Maximum Likelihood Estimation for Gaussian Distributions

Sharing is caring

In this post, we learn how to derive the maximum likelihood estimates for Gaussian random variables.

We’ve discussed Maximum Likelihood Estimation as a method for finding the parameters of a distribution in the context of a Bernoulli trial,

Most commonly, data follows a Gaussian distribution, which is why I’m dedicating a post to likelihood estimation for Gaussian parameters.

Gaussian Parameters

A Gaussian distribution has two parameters: mean μ and variance σ. Accordingly, we can define the likelihood function of a Gaussian random variable X and its parameters θ in terms of mean μ and variance σ.

L(X|\theta) = L(X|\mu, \sigma)

This sound fairly abstract, so let’s make this a bit more concrete using an example.

Suppose we wanted to find the parameters that describe the distribution of heights in a certain country. We know that heights follow a normal distribution, but we don’t know the exact mean and variance. We go out and measure the height of 1000 randomly chosen people. The random variable X describes the distribution of heights that we’ve observed.

X = [x_1, x_2, ...,x_{n}]

Based on the data collected we estimate the mean μ and variance σ that are most likely to describe the real distribution of heights given our sample.

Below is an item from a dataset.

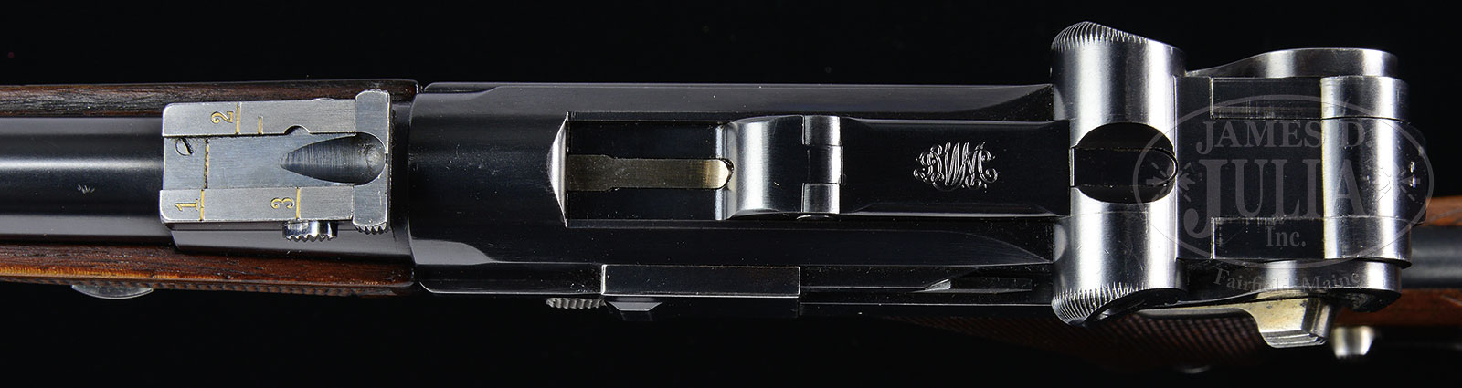 *WONDERFUL 1902 DWM LUGER CARBINE WITH MATCHING STOCK.SN 24314. Cal. 30 Luger. Standard 1902 Luger carbine with 11-3/4″ bbl having long ramp bead front sight, 3-position rear sight, and full SN on bottom of bbl where covered by forend. Intertwined “DWM” on center toggle link. Dished toggles with toggle lock on right side. Checkered walnut forearm, internally matched with the number “314”, with sling swivel. Checkered walnut grips. Correct and excellent magazine with unmarked walnut plug. Disassembly shows all numbered parts are matching. Inner surfaces of unnumbered grips are each marked with a six-pointed star. Inspector numeral “2” on the left grip panel; partial “I” on the right. Matching stock with second sling swivel and serrated horn buttplate. Not only is the gun entirely matching, but the finish, condition, and color of the forearm and stock are also consistent, making for an especially attractive ensemble. CONDITION: Original condition, approximately 97-98% bright rust blue, with expected sharp edge wear from careful use. Comparable condition strawed small parts. The forend and buttstock retain virtually most of their original varnish with just a scattering of light handling dings. Deep checkering with slightly blunted diamonds. Grips are darker with a few small loses and pressure indentations. Horn buttplate whose condition is consistent with the overall appearance of the firearm. Mirror bright bore with strong rifling. Perfect manual mechanics. A very attractive, no excuse, Luger carbine that would be an excellent addition to any collection. 52427-1 LMA (12,500-17,500) C&R – Lot 2039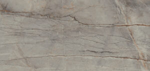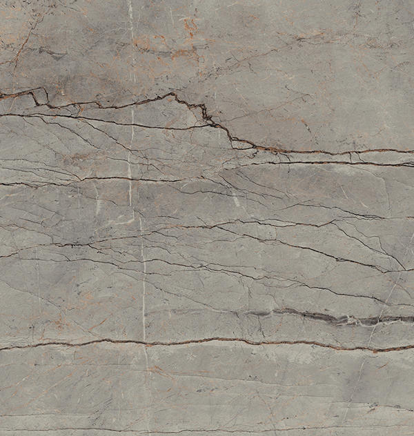 A smoky grey base weathered like a rock and fossil-like, a geological landscape that comes to life as a surface, its strong earthy presence reflected in a complex structure of fine dark veins at the centre alongside more prominent lines in other parts, emphasised by patina stains, rusted silt, chalky-white streaks, and burnt orange markings, in an Ultra-Rough finish.

In the Bernoulli trials that define a coin flip, we had a set of clearly defined outcomes or realized values. A coin flip can only result in heads or tails. We then tried to find the parameters that are most likely given the outcomes of our trials. When dealing with Gaussian processes, the probability of observing a concrete realized outcome is zero.

In our example, the probability that we find a person in our sample, who is exactly 6ft (183cm) and not one nanometer taller or shorter, is essentially zero. Instead, we have to think in terms of probability densities or certain areas under the Gaussian curve. For example, we have to ask how probable is it that we observe a height between 5ft and 6ft?

gaussian likelihood

Likelihood as Conditional Probability

We can view the likelihood function as a conditional probability density function of X given θ.

L(X|\theta) = f(X|\theta) = f(X|\mu, \sigma)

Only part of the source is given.